══ Data ══
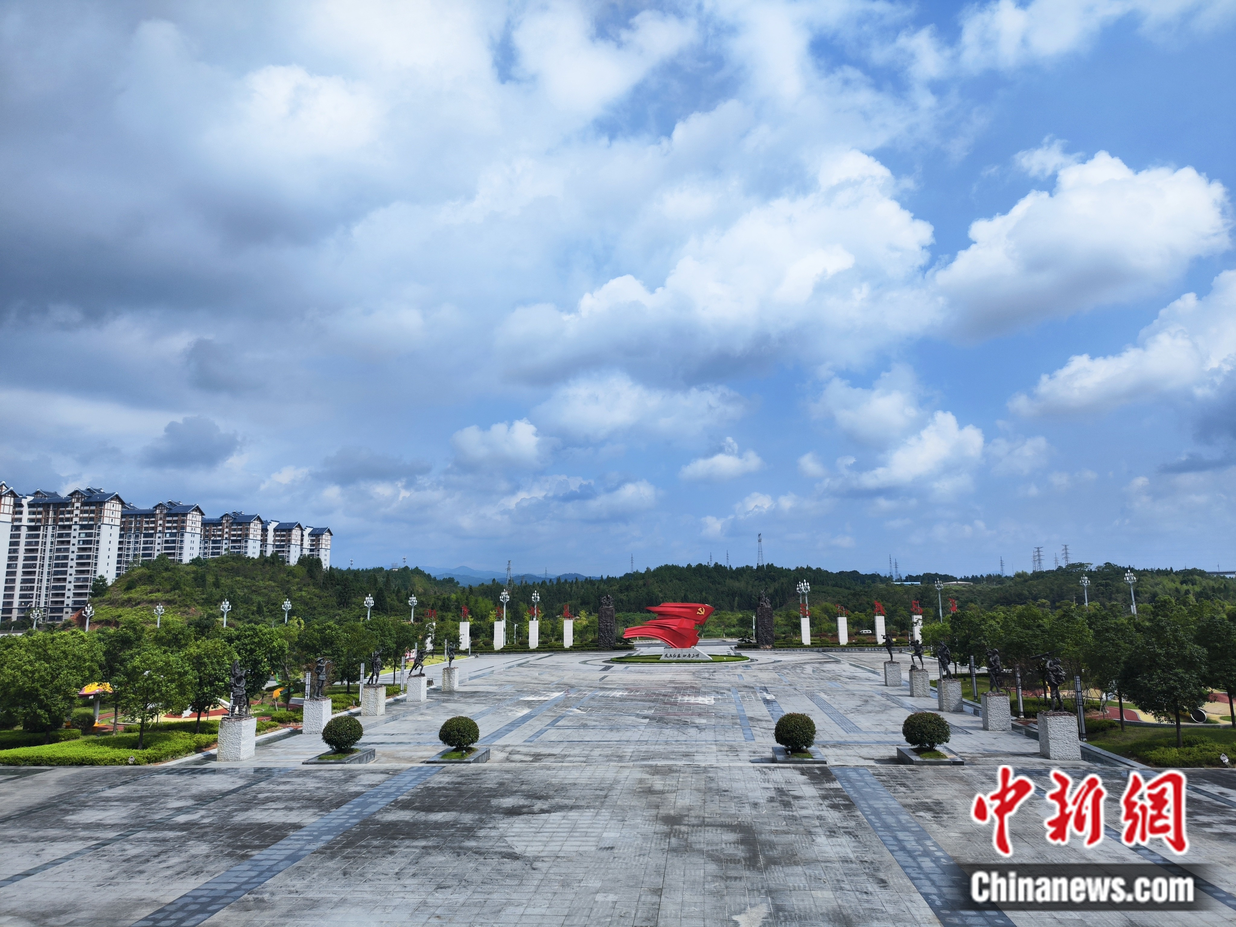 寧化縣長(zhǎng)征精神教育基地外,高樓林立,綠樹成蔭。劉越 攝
═══
══ Data ══
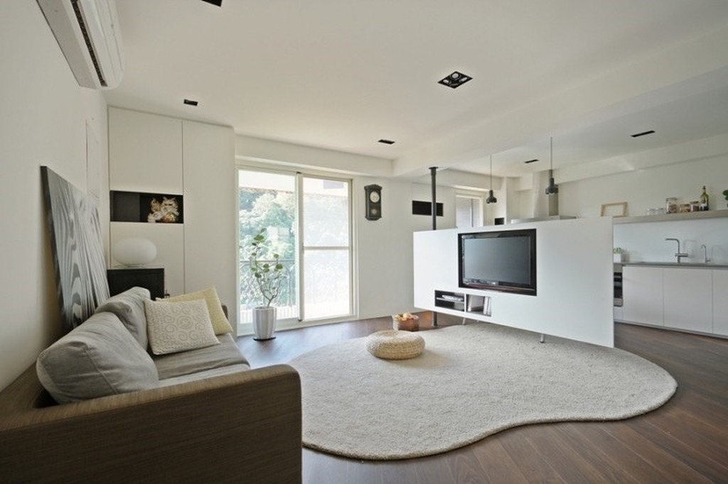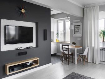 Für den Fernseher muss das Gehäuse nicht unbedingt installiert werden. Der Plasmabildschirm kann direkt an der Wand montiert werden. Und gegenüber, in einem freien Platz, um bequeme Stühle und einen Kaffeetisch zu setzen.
═══
══ Data ══
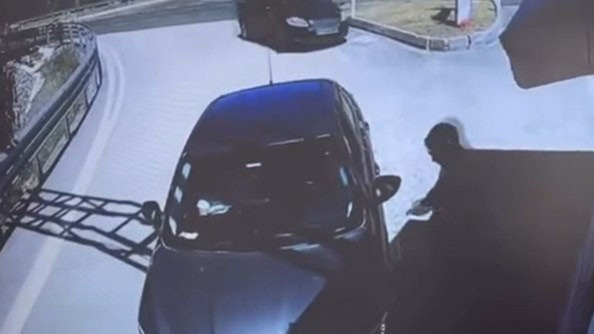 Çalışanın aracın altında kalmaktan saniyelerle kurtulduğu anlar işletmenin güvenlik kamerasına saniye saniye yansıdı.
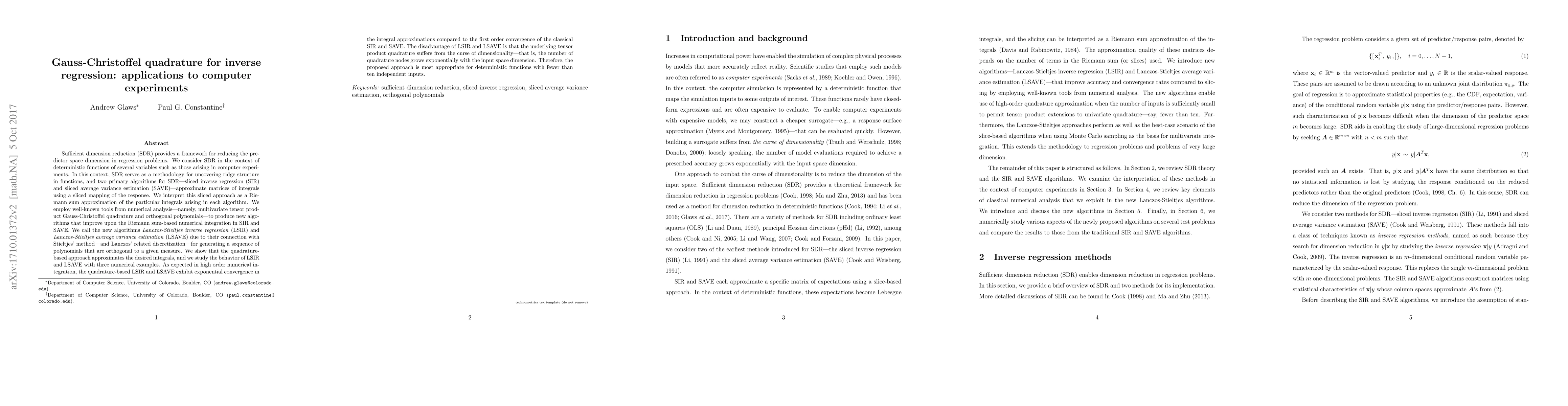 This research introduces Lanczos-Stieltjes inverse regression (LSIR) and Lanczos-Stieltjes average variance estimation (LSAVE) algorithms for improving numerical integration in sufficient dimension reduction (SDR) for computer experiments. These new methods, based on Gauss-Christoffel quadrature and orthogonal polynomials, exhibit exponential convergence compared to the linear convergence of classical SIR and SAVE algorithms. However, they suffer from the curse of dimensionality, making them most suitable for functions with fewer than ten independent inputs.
═══
Action item
When you reach the line with "Çalışanın aracın altında" in the records above, start writing out each line exactly, and stop after the line with "This research introduces". Pictures stay out.

Task output
 Çalışanın aracın altında kalmaktan saniyelerle kurtulduğu anlar işletmenin güvenlik kamerasına saniye saniye yansıdı.
 This research introduces Lanczos-Stieltjes inverse regression (LSIR) and Lanczos-Stieltjes average variance estimation (LSAVE) algorithms for improving numerical integration in sufficient dimension reduction (SDR) for computer experiments. These new methods, based on Gauss-Christoffel quadrature and orthogonal polynomials, exhibit exponential convergence compared to the linear convergence of classical SIR and SAVE algorithms. However, they suffer from the curse of dimensionality, making them most suitable for functions with fewer than ten independent inputs.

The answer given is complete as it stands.